= Shaba Number =

Iranian national standard

Sheba (Persian: شناسه حساب بانکی ایران (شبا)) is a national standard defined in the framework of the global IBAN standard with the aim of integrating bank accounts in Iran. Shaba starts with "IR" followed by 24 other digits.

==History==
Before the International Bank Account Number, there were different national standards for identifying bank accounts, which was confusing for some users. This often resulted in the loss of transaction path information in payments. These account numbers also did not have check digits (structure accuracy control), which increased the possibility of errors in transferring funds.

In 1997, to address these problems, the International Organization for Standardization (ISO) published a new standard called ISO 13616. According to this standard, international account numbers were introduced under the name IBAN, which stands for International Bank Account Number, for international transactions.

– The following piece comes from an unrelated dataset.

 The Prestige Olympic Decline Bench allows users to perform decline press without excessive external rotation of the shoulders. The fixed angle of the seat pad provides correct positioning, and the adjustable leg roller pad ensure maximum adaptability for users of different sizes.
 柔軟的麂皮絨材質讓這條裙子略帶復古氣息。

The ISO organization improved this standard in 2003 and 2007. In 2007, the ISO 13616 standard was divided into two parts. In the second part (ISO 13616-2:2007), many improvements were made and it became the accepted standard for international money transfers. The official name of this part of the standard is SWIFT, which is currently the most widely used international financial transaction method.

In Iran, since January 1, 2007, the Central Bank of Iran has made the use of Sheba mandatory for foreign exchange transfers. This number is also used in domestic interbank transactions.

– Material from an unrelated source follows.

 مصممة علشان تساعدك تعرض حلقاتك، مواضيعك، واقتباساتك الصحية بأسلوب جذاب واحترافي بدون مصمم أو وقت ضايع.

This algorithm can also be used to validate the IBAN code of other countries; because, as mentioned, the Sheba code generation algorithm, or in other words, the IBAN code, is international and countries cannot change the algorithm for generating this code.

==Overview==
Sheba is a national standard defined within the framework of the global IBAN standard with the aim of unifying bank accounts. Banks use different methods to number their customers' accounts, which makes it difficult to transfer money between different banks. A unified format is needed for interbank money transfers. Each bank account has a unique identifier, known in Iran as the "Iranian Bank Account Identifier" or "Sheba" for short. This number in Iran starts with IR and is followed by 24 other digits.

Sheba was defined and explained by the Central Bank of the Islamic Republic of Iran in accordance with the ISO 13616 standard in order to facilitate and standardize interbank and international transactions between banks in the country, and was first implemented and made public on the website of the Central Bank of Iran. This type of account number is used exclusively in all interbank payment systems. Any bank account number can be converted into a Sheba number. Bank systems use Sheba in transfers between Iranian banks Satna and Paya, POS card readers, and Internet portals.